Kota Palu Siap Mendukung

Kabar baiknya, seluruh Puskesmas di Kota Palu saat ini telah dilatih dan memiliki fasilitas untuk melakukan skrining kesehatan jiwa. Masyarakat bisa datang secara langsung atau menggunakan kuesioner skrining awal yang tersedia di layanan kesehatan. Prosesnya mudah, tidak menghakimi, dan sangat membantu untuk mengenali tanda-tanda awal.

Skrining ini adalah pintu awal menuju pemulihan. Ketika kita tahu bahwa beban yang kita rasakan bukan sekadar lelah biasa, tapi sudah mulai menggerogoti semangat hidup, maka kita bisa mengambil langkah cepat, bercerita, berkonsultasi, dan jika perlu, mendapat pendampingan medis atau psikologis.

Jangan biarkan jiwa kita diam-diam sakit

Kesehatan jiwa adalah pondasi produktivitas. Sulit berkonsentrasi, mudah marah, merasa hampa, hingga menarik diri dari lingkungan, semua itu bisa jadi sinyal bahwa jiwa kita sedang lelah. Sayangnya, banyak dari kita menunda untuk mencari bantuan karena takut dicap atau dianggap lemah. Sudah saatnya kita ubah paradigma itu. Menjaga kesehatan jiwa adalah bentuk kekuatan, bukan kelemahan. Pemeriksaan rutin adalah bentuk cinta pada diri sendiri dan orang-orang yang kita cintai. Kita tidak menunggu sakit parah baru ke rumah sakit. Maka, jangan tunggu jiwa kita runtuh baru mencari pertolongan.
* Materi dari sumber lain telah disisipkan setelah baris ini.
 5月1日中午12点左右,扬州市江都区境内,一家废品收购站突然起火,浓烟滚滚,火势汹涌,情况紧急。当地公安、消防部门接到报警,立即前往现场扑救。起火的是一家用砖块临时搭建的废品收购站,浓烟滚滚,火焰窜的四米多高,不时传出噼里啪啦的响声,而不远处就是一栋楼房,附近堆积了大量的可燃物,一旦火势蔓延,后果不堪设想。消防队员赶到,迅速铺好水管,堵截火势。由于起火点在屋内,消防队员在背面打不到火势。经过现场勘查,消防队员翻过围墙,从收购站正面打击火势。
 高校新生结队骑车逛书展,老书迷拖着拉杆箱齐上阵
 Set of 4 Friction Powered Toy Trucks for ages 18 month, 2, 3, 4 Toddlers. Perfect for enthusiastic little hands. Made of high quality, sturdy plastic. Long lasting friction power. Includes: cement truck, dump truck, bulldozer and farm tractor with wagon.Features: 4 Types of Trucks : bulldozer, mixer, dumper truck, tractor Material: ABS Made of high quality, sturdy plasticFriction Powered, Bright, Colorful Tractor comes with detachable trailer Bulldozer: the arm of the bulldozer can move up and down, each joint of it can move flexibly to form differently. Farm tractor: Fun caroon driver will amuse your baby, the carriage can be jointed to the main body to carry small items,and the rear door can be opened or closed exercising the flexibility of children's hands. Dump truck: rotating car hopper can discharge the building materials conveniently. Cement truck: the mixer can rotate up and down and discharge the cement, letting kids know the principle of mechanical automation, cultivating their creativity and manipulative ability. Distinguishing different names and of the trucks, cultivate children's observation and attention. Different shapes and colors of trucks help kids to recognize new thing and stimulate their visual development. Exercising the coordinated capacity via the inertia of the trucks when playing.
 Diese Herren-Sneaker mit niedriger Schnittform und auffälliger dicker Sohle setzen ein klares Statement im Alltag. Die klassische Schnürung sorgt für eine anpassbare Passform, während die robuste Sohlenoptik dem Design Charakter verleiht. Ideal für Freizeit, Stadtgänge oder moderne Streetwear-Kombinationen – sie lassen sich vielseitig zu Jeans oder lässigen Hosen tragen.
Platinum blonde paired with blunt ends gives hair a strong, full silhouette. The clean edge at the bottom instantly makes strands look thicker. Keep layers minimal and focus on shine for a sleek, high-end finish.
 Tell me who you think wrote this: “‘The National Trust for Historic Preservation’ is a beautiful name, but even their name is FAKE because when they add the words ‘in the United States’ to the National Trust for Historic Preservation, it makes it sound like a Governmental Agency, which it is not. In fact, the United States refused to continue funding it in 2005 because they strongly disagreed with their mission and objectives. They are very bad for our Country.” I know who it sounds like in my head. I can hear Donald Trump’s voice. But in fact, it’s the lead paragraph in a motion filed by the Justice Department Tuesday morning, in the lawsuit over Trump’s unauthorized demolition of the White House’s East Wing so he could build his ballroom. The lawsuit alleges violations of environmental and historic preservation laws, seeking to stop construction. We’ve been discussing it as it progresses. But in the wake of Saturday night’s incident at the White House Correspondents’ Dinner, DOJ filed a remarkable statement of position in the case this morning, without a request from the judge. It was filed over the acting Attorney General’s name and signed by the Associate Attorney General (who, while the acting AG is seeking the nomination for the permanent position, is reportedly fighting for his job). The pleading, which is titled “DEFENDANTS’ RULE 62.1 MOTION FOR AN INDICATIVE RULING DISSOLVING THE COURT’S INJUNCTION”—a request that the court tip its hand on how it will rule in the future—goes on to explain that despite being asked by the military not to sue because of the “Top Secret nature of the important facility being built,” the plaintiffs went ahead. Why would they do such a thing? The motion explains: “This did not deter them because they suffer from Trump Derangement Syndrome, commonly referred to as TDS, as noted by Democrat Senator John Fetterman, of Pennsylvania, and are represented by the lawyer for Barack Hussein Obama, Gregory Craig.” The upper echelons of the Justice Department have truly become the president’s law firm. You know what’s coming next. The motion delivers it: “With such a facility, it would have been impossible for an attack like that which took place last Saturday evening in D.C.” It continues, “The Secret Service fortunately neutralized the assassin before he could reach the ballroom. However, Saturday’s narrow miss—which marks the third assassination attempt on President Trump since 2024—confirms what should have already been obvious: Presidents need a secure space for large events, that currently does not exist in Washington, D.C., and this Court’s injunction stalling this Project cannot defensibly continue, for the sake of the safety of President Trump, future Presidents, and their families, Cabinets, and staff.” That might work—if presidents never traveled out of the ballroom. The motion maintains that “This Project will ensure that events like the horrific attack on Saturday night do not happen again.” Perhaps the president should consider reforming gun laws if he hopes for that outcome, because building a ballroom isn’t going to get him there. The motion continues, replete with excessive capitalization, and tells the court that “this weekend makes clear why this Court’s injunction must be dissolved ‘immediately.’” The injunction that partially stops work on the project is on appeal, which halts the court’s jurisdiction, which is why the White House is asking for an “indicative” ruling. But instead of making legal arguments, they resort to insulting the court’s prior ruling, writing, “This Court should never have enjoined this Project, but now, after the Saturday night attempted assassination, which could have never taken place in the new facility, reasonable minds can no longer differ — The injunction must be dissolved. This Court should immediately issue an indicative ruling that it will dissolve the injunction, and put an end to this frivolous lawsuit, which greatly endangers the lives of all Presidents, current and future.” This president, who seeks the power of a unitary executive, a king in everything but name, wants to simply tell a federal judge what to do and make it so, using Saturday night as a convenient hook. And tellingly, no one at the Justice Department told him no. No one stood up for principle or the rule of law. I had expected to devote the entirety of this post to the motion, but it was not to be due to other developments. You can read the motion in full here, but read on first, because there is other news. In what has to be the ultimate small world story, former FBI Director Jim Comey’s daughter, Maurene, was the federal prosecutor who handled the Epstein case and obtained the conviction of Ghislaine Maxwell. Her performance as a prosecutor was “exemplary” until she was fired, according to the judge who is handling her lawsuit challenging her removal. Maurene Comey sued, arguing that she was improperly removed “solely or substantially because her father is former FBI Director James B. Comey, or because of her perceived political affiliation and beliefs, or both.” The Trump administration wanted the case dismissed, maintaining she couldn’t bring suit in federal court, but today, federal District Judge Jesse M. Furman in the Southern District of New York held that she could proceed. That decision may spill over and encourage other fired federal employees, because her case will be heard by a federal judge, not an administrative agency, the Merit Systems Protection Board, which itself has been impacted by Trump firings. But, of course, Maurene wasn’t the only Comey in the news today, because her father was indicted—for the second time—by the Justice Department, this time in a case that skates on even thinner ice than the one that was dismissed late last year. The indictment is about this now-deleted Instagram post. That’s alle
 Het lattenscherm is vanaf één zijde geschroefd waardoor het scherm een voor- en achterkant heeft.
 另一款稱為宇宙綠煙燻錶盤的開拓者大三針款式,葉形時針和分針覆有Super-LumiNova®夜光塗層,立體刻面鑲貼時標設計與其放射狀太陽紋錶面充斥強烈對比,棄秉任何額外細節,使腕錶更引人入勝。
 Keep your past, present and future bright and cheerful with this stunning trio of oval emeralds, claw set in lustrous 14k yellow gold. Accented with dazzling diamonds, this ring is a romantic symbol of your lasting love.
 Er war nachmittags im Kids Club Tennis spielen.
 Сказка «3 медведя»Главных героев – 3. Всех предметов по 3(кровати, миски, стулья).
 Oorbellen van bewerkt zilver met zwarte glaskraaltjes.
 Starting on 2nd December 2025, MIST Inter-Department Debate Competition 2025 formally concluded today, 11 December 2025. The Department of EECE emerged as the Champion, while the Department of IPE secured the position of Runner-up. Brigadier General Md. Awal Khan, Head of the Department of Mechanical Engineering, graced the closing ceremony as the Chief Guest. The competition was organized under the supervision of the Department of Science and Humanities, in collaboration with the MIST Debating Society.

Menjaga kesehatan jiwa bukan bentuk kelemahan, melainkan bukti bahwa kita peduli terhadap diri sendiri. Dan seperti halnya penyakit fisik, gangguan jiwa juga bisa diobati jika ditangani dengan cepat dan tepat. Mari kita ubah cara pandang. Periksa kesehatan jiwa bukan karena kita “mau gila”, tapi justru karena kita ingin tetap waras. Karena jiwa yang sehat akan membawa hidup yang lebih berkualitas, produktif, dan bermakna.